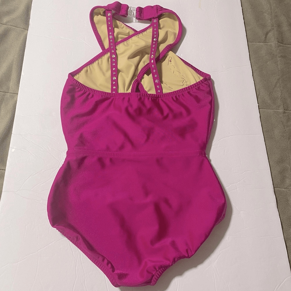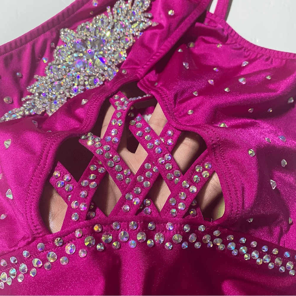как выглядит Custom made solo dance costume hot pink rhinestone embellished SA-Small adult фото
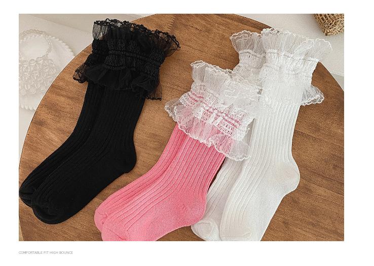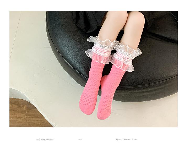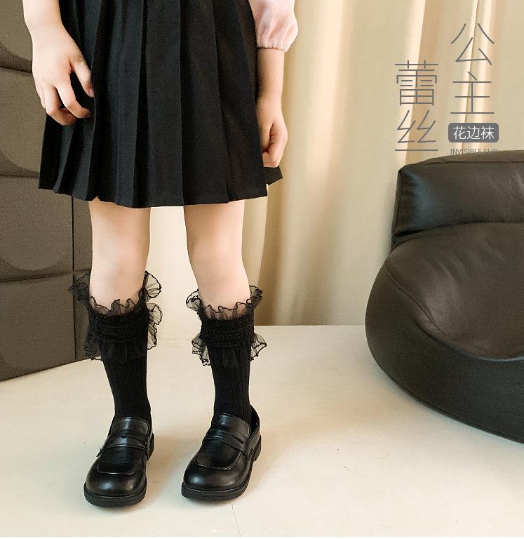 Calcetines de encaje para niñas, calcetines finos de algodón de primavera y otoño para verano, calcetines transpirables de princesa para baile de alumnas
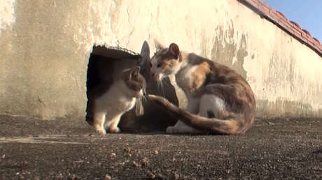 Han descubierto este triste pero conmovedor caso y realizaron un video que muestra cómo una gata callejera cuida y protege a su cría discapacitada.
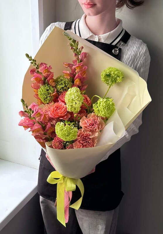 Авторский весенний букет, созданный для подъема настроения. Нежная композиция в розовых тонах с пышными ранункулюсами, изящными диантусами, альстромерией и декоративным эвкалиптом. Идеальный подарок, чтобы вызвать улыбку и ощущение свежести.
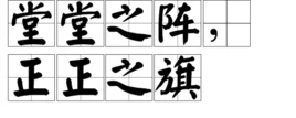 堂堂之阵,正正之旗,形容阵容盛壮整齐。也用来形容光明正大。 出自《孙子·军缩反做文把争》:"无邀正正之旗,勿击堂堂之阵,此治变者也。"
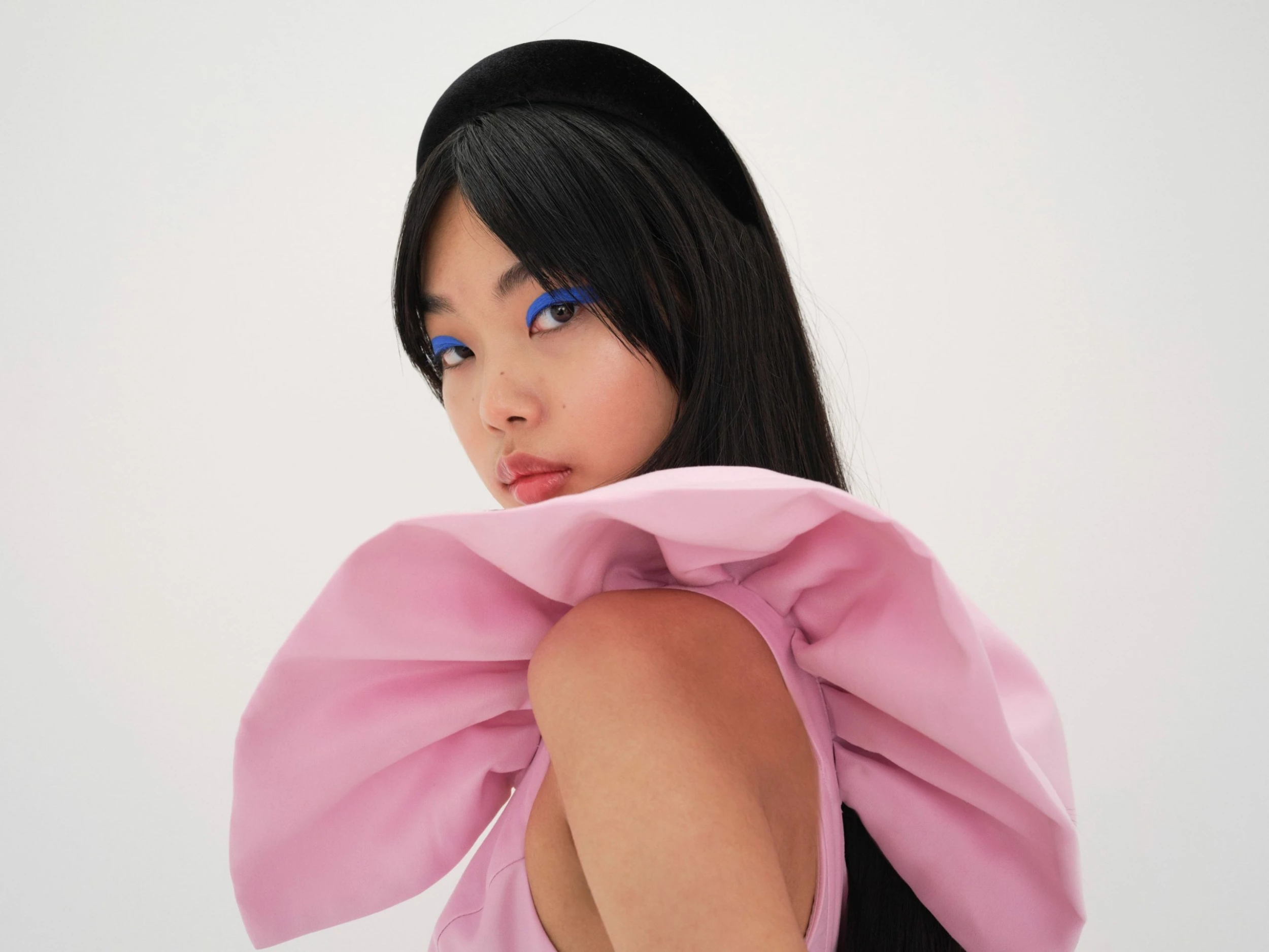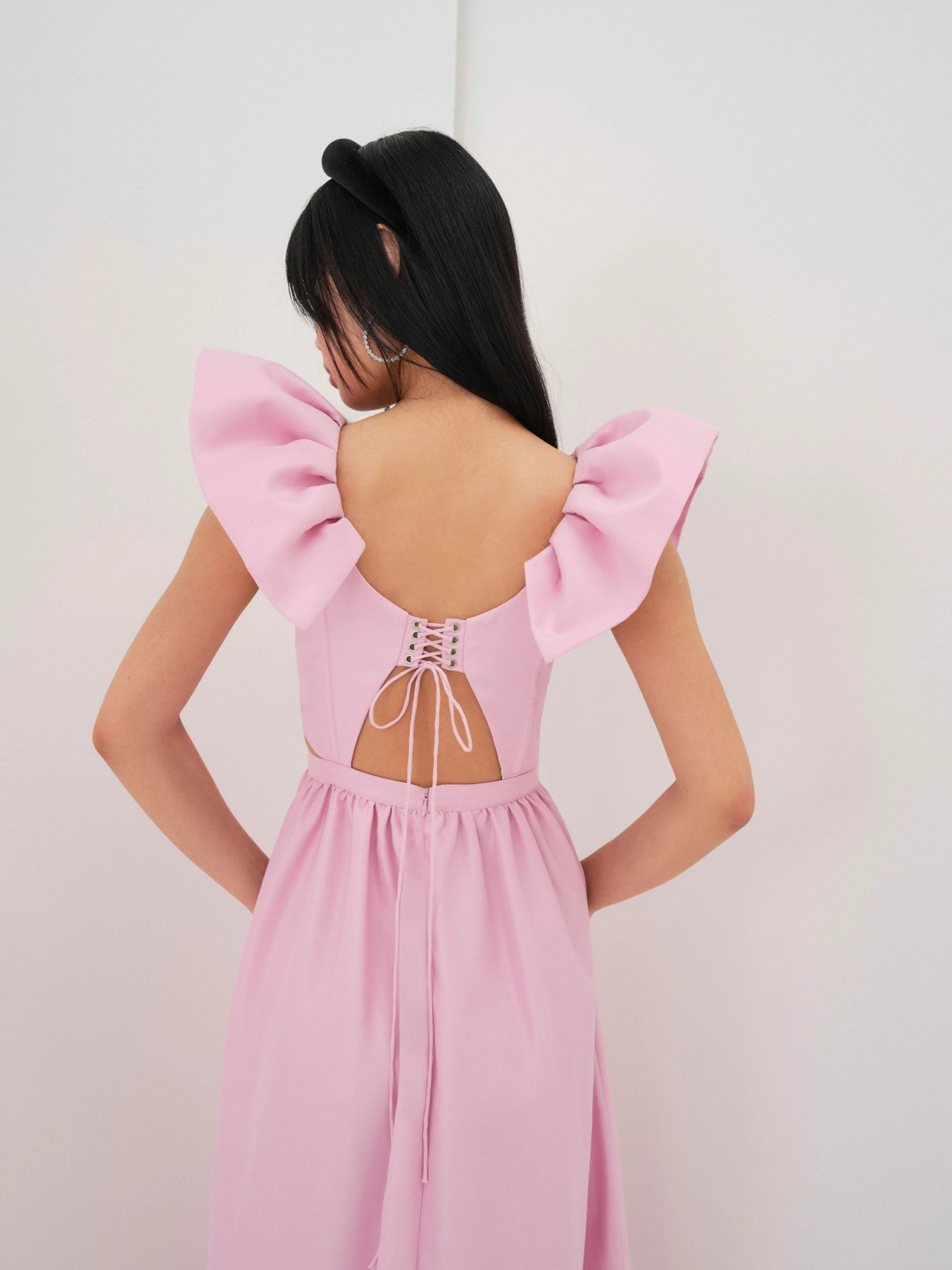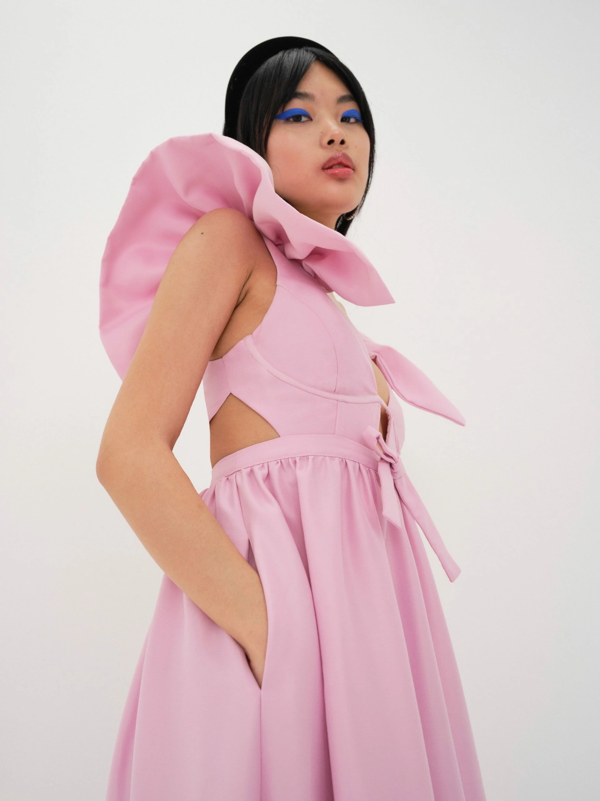 The definition of pretty in pink. Sculptural sleeves and a dramatic, long skirt (with pockets) make a high fashion statement in matte satin.
========
The entries above are to be repeated in full, except for their pictures.

как выглядит Custom made solo dance costume hot pink rhinestone embellished SA-Small adult фото
 Calcetines de encaje para niñas, calcetines finos de algodón de primavera y otoño para verano, calcetines transpirables de princesa para baile de alumnas
 Han descubierto este triste pero conmovedor caso y realizaron un video que muestra cómo una gata callejera cuida y protege a su cría discapacitada.
 Авторский весенний букет, созданный для подъема настроения. Нежная композиция в розовых тонах с пышными ранункулюсами, изящными диантусами, альстромерией и декоративным эвкалиптом. Идеальный подарок, чтобы вызвать улыбку и ощущение свежести.
 堂堂之阵,正正之旗,形容阵容盛壮整齐。也用来形容光明正大。 出自《孙子·军缩反做文把争》:"无邀正正之旗,勿击堂堂之阵,此治变者也。"
 The definition of pretty in pink. Sculptural sleeves and a dramatic, long skirt (with pockets) make a high fashion statement in matte satin.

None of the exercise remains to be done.